__Data shown__
····················

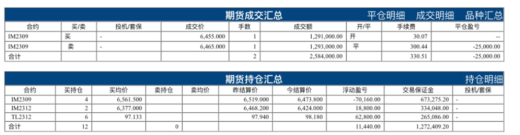 期货(目前是IM)
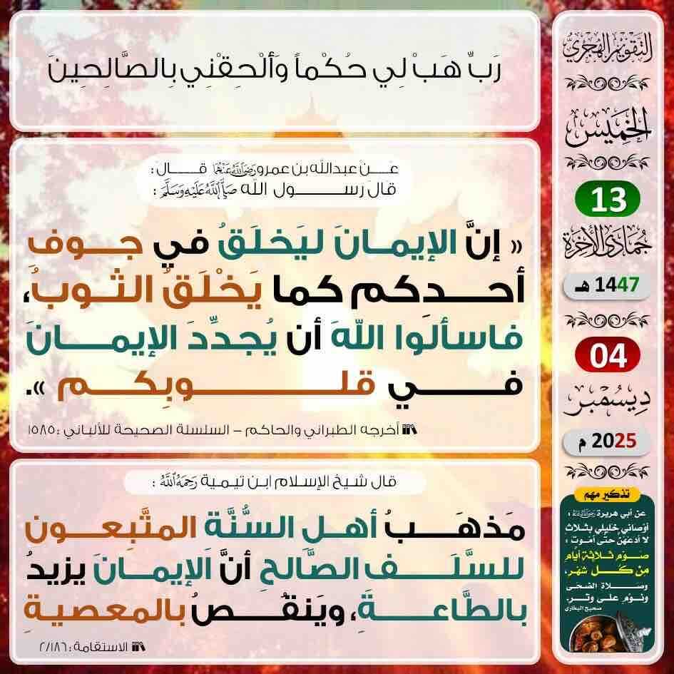 الخميس ١٤٤٧/٦/١٣ الموافق ٢٠٢٥/١٢/٤ تذكير متبقي على رمضان ٧٨ يوم من كان عليه قضاء من رمضان أو كفارة فليبادر بالصوم قبل أن تمنعه الأعذار من الصيام ويدركه شهر رمضان لهذا العام
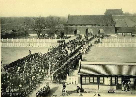 大清门迎銮,应该是1901年慈禧、光绪自西安回銮时进大清门时的情景,远处是天安门。

····················

__Exercise requirements__
Please output each line above exactly and omit all images.

__Response to this task__
 期货(目前是IM)
 الخميس ١٤٤٧/٦/١٣ الموافق ٢٠٢٥/١٢/٤ تذكير متبقي على رمضان ٧٨ يوم من كان عليه قضاء من رمضان أو كفارة فليبادر بالصوم قبل أن تمنعه الأعذار من الصيام ويدركه شهر رمضان لهذا العام
 大清门迎銮,应该是1901年慈禧、光绪自西安回銮时进大清门时的情景,远处是天安门。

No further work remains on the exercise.